I've used
Marching Squares to solve this issue before. It can still be done in 16 tiles per transition (can look better with a few more for transition, even support diagonals).
The trick is sampling tiles at the corners, or rather that a # for a wall would be sampled at its centre, and thus it contributes to 4 different corners of tiles (tiles are offset 1/2 a tile diagonally from the "grid"). So, it becomes 4 tiles (all corners). In the data format the method uses two map values per ID (0,1 = 1; 2,3 = 2; etc. basically shift down by 1 bit to get the tile type). The article explains the sampling method and has a link to a web demo.

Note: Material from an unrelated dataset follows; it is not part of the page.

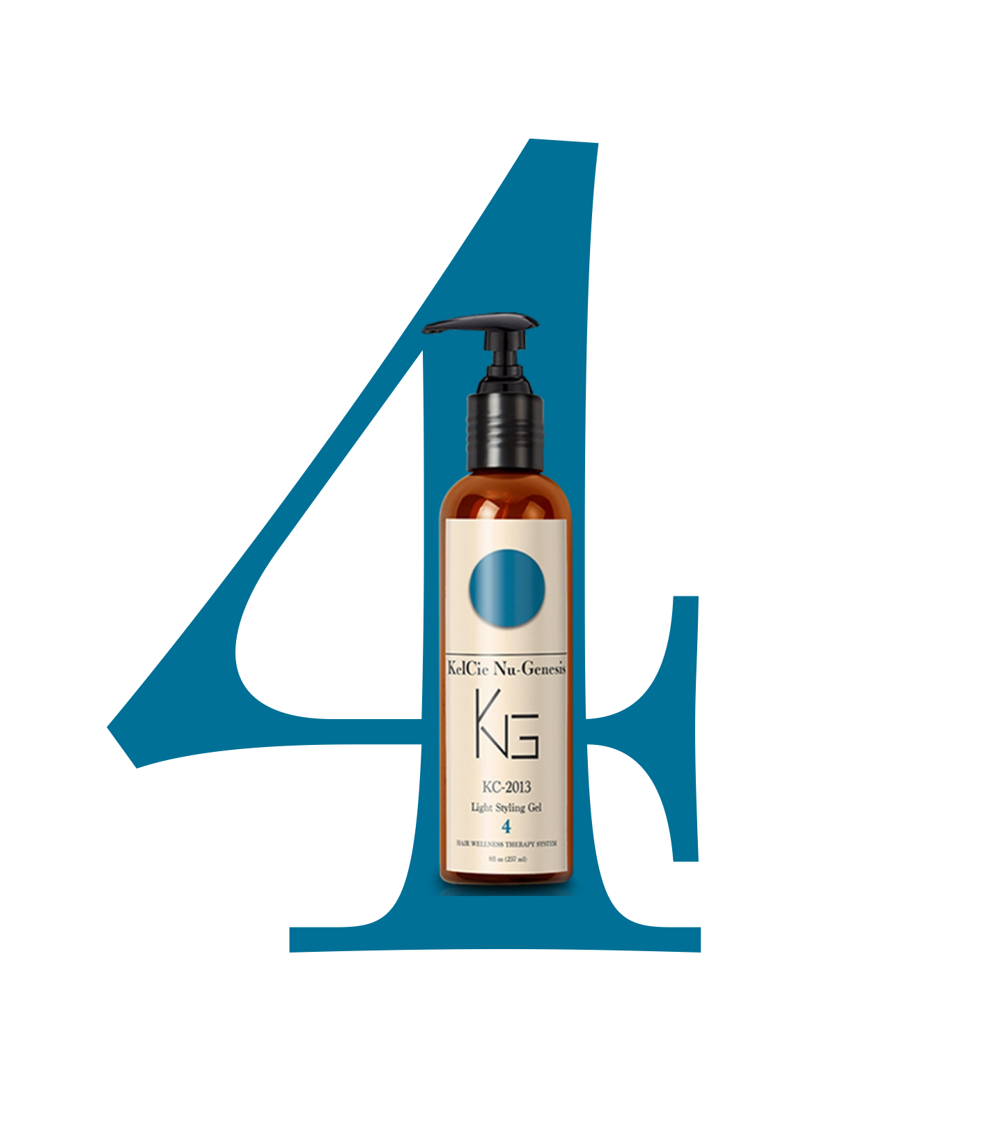 Finger-combs approximately a Quarter (Coin Size) or more of the Light Styling Gel to each section of hair, pre-treated with Spritzer, Leave-In-Conditioner, Lock-In-Oil, to ensure an easy hold, or less can be applied to just ends for lighter hold.
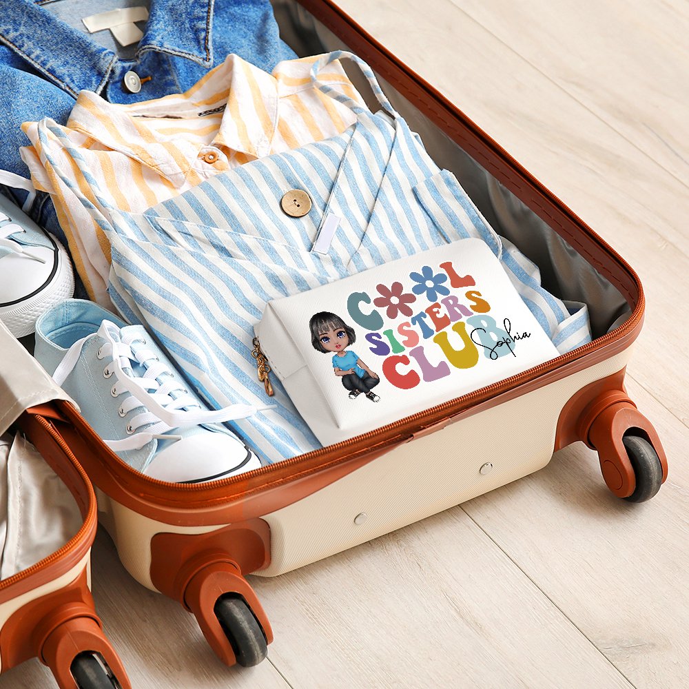 Personalized Cool Sisters Club Cartoon Character Leather Makeup Pouch Bag with Name Portable Travel Essentials Birthday Bridesmaid Gift for Women Girl

So, when you "lower" the terrain value it could create two different types of holes, like how the demo has either diamonds and squares as the smallest road piece depending on the average height of the tiles. Holes could be like that, but in reverse. A tiny hole, then a bigger hole. Make enough tiles and the above could even give you cracks (long holes).

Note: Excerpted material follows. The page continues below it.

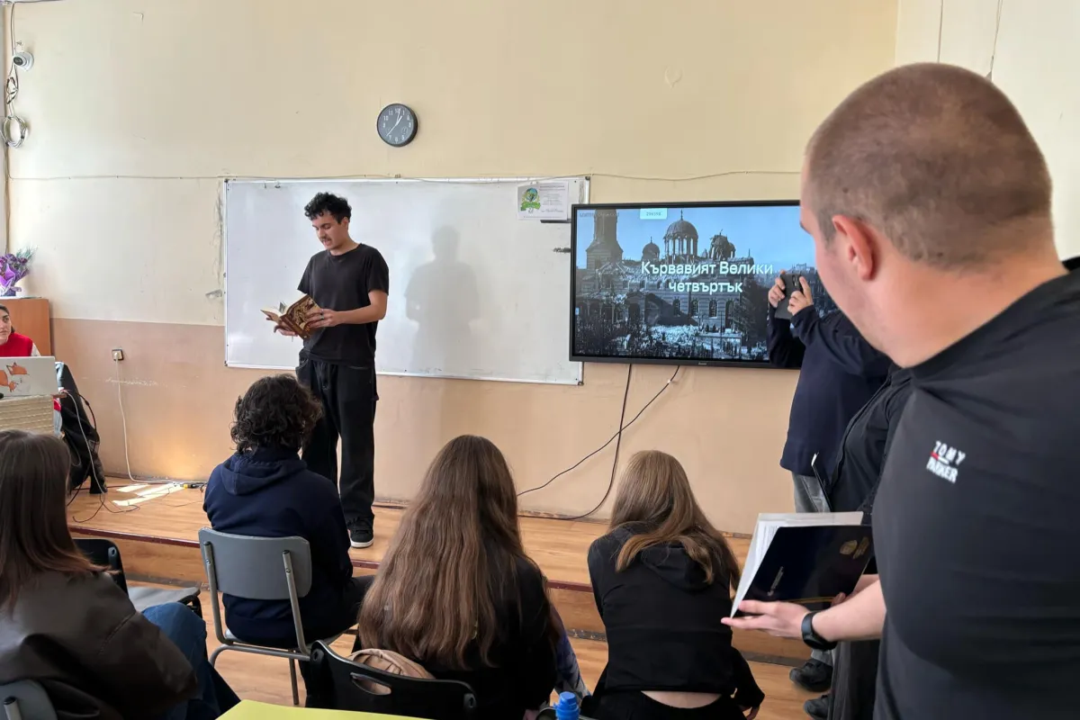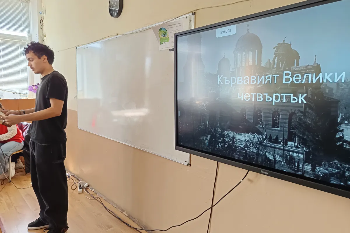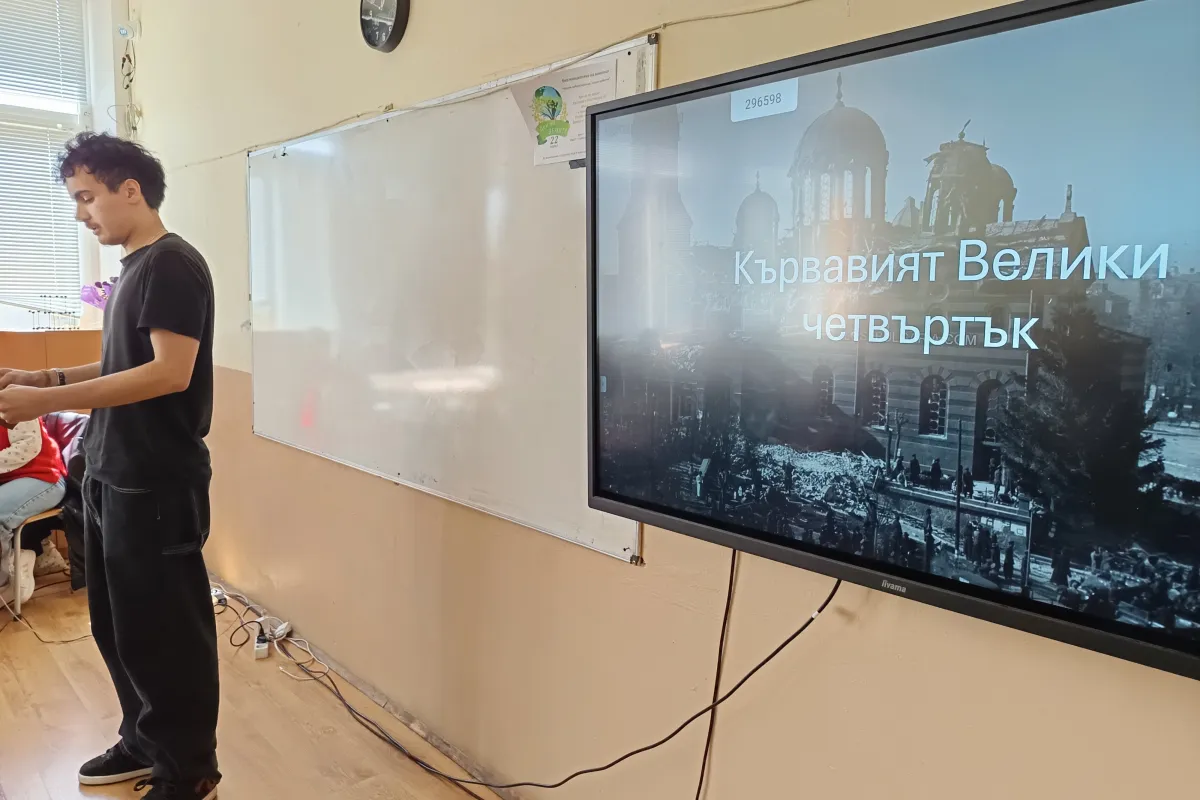 Учениците от клуб "Завет" при СУ "Стоян Заимов" - град Плевен проведоха урок пред съучениците си от VIII, IX и XI клас, на тема "Кървавият Велики четвъртък".

To make the example code work with 16 tiles per transition (no "saddle point" bits) change the last tile mapping to this:
// Samples without extra "saddle" resolution have shape data encoded in the lowest bit.
shape = (sTL & 1) | (sTR & 1) << 1 | (sBL & 1) << 2 | (sBR & 1) << 3; // 4 samples: T = top, B = bottom, L = left, R = right
ring = ( sTL + sTR + sBL + sBR ) >> 2; // Average of samples w/o remainder.
row = ring; // could just use 'row' up there, but included here for clarity in comparison to example code.
col = shape - (ring & 1); // Same as in example.